Alopecia, or hair loss, can be evaluated using dermatoscope views. Key features include:

  • Yellow dots: Seen in androgenetic alopecia.
  • Black dots: Indicative of active disease.

B. Nail Infections

Nail infections, such as onychomycosis, can be diagnosed using dermatoscopy. Features include:

  • Longitudinal striae: Seen in fungal infections.
  • Spikes: At the distal edge of the nail.

C. Nail Tumors

Nail tumors, such as subungual melanoma, can be identified using dermatoscope views.
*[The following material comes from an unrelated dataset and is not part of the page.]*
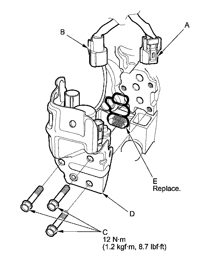 5. Install the parts in the reverse order of removal with a new rocker arm oil control valve filter (E).

Features include:

  • Irregular pigmentation: A key indicator.
  • Blood spots: Often present.

V. Conclusion: Expanding the Applications of Dermatoscopy

Dermatoscopy has expanded far beyond its initial use for melanoma diagnosis. Today, it is an indispensable tool for diagnosing a wide range of skin, hair, and nail conditions. From non-melanoma skin cancers to inflammatory conditions and benign lesions, dermatoscope views provide critical insights that improve diagnostic accuracy and patient outcomes. In Hong Kong, where skin cancer rates are rising, the adoption of dermatoscopy is more important than ever. Combined with other diagnostic tools like Woods lamps, dermatoscopy is paving the way for more precise and less invasive dermatological care.